Imaginary Relationships

I started to like boys in middle-school, but I had no idea how to deal with them. In high-school, I liked boys who were “out of my league”. In university, I had started to have some success with boys and even dated a couple. However, I never had consistent success and still had no idea how to deal with boys. During this time, I became friends with a girl who was in a similar boat. We often talked about how guys would show interest and even go on a date or two but neither of us could move it to the next level. I used to call myself a dateless wonder because although I was attractive enough and I met guys that seemed interested, I could never secure a bonafide boyfriend. Then there would be the things we would tell ourselves like: “he really likes me, it’s just bad timing”. The things we, women, tell ourselves about why boys won’t date us. In my final year of school, I did manage to secure a boyfriend and we dated for 1 1/2 years. Then when I moved to my current city, I was once again single.

I went back to my practice of telling myself little stories about innuendos and emotional connections that essentially amounted to nothing in the way of relationships. I got into an imaginary relationship with a guy. It was imaginary because he lived far away and our relationship consisted of a weekend flirt-fest and then a series of emails mostly initiated by me. It finally has settled into a Facebook friendship and remains so to this day. As I often say that everything has it’s purpose in our life journey, he introduced me to the book The Game by Neil Strauss. It introduced me to the world of pick-up artists. I decided if men can do this women can do this better, but I had to be smart. If men were made to want to pick-up women then the trick is to get men to want to pick me up. I realized I had been making it too easy for men. I needed to make them come to me. The first decision I made was no more imaginary relationships. Meaning: if a man doesn’t ask me out and make his intention clear then he is invisible to me. It was a significant change in my thinking around men and I still see women all around me making this same mistake. Grown women in the 40s and 50s! I think this is the #1 reason most single women cannot secure a relationship.

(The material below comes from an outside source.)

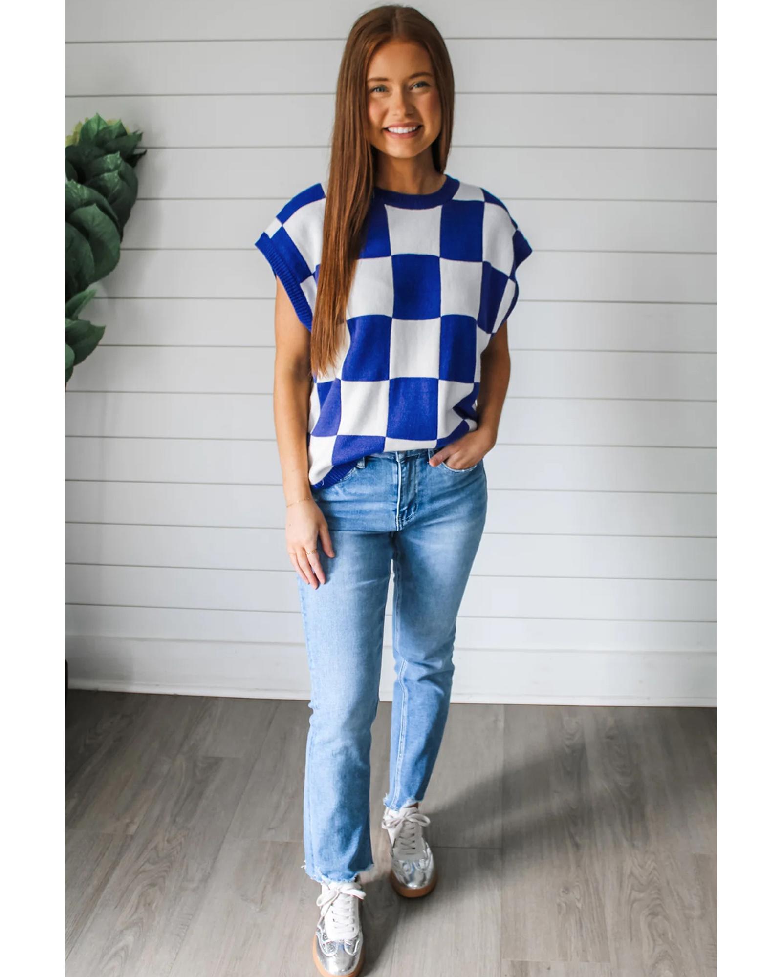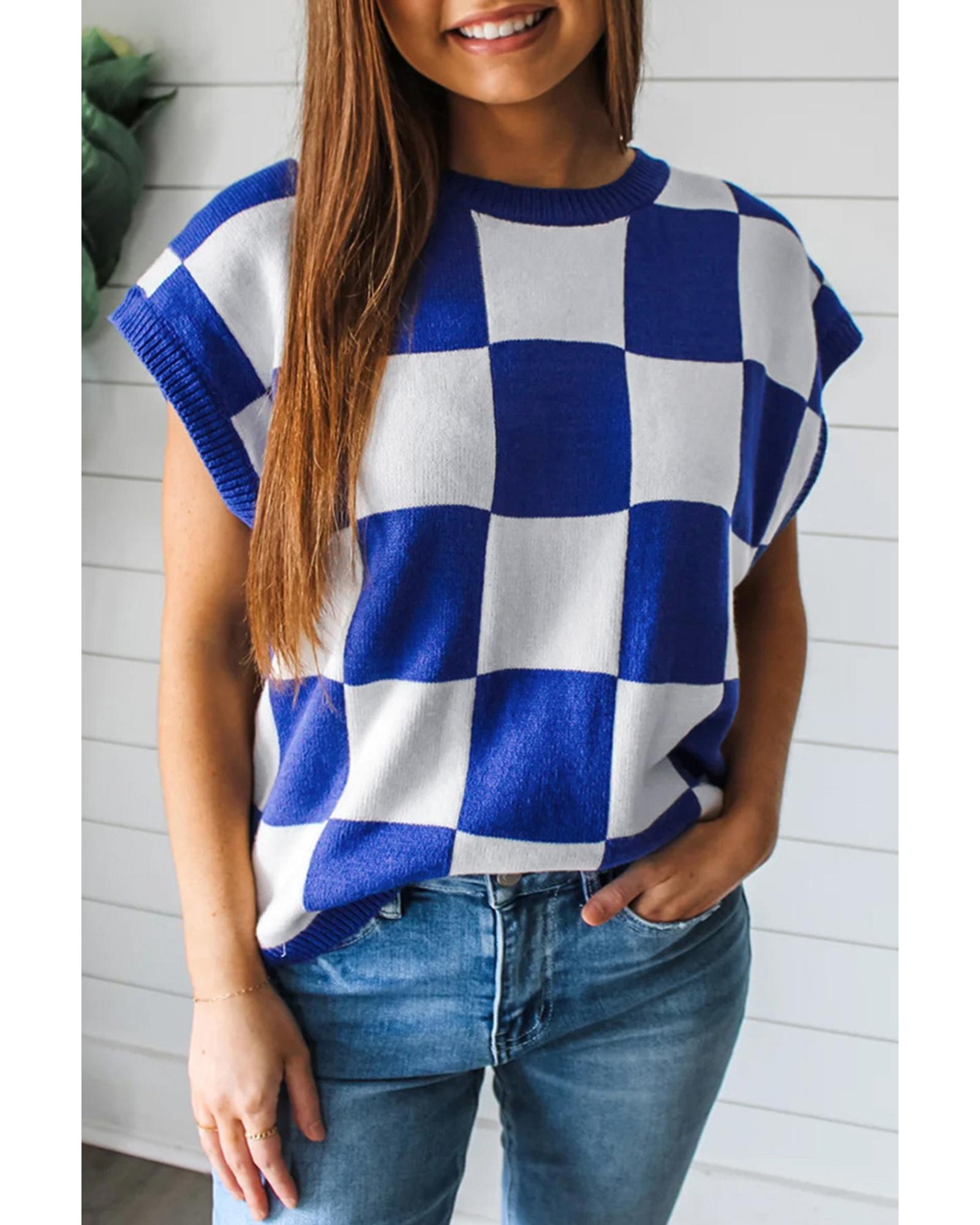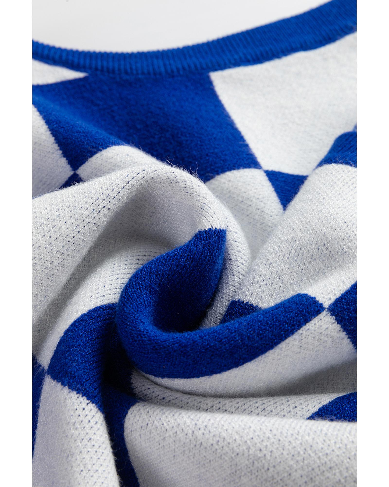 Dark Blue Cherckerboard Round Neck Sweater Vest – L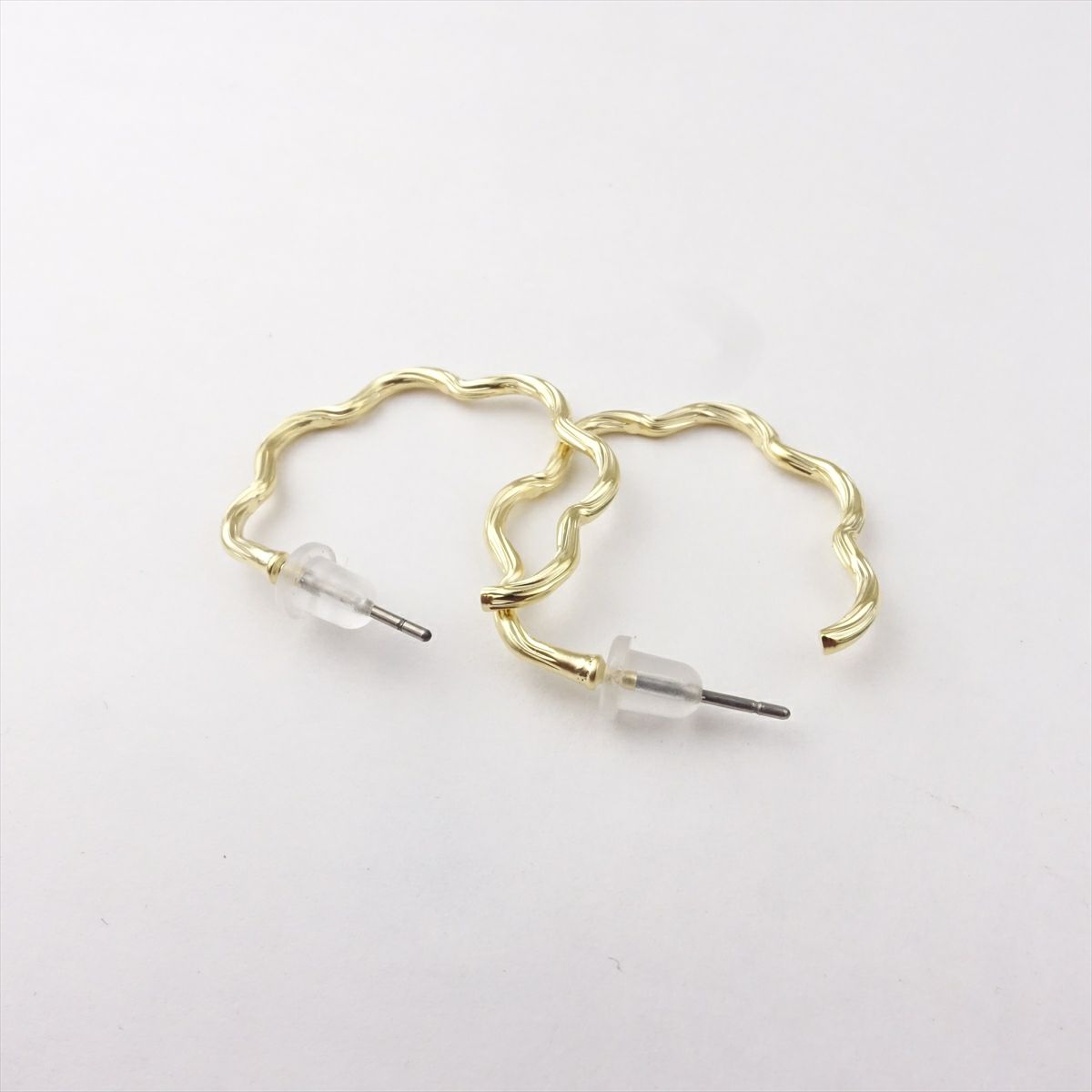 ウェーブデザイン キャッチピアス ゴールド

Going back to my friend from my university days. I remember one story she had about a boyfriend she had had who she broke up with briefly and another girl swooped in. In my friends mind, this girl was “the other girl” since my friend felt the boy was really in love with her but the other girl was controlling him and wouldn’t let him leave. When I apply my new way of thinking, it was my friend whose thinking was wrong. It doesn’t matter why her ex-boyfriend wouldn’t leave his girlfriend and it doesn’t matter if he was in love with my friends. At the end of the day, he was in a relationship with that girl and my friend was in an imaginary relationship with him. A relationship that didn’t exist. I think the boy and “the other girl” ended up getting married which shows how unproductive my friends thinking was. Instead of being engaged in an imaginary relationship with him, my friend would’ve been much farther ahead to look for another boy she could actually date.

I noticed similar behavior in Toxic. She would like a guy and she would build up an imaginary relationship with him to the point where she was territorial. Even if the guy already had a girlfriend, she would feel that the girlfriend was stealing her man. If another women so much as encroached even a little on her perceived territory she would attack. One there was a guy at work she liked. I made a joke to him during a lighthearted conversation and she called me a “bitch”. I was shocked at how fast she became angry and the viciousness in her voice. Over nothing. I think this might have something to do with our fallout. I think at one time she liked my friend and she could neither accept or understand how he would choose me over her. When I finally put my foot down and set limits with her, she went postal. I believe that the majority of backlash I have had can be traced back to her. It reinforces my ideas about imaginary relationships. Her behavior is crazy!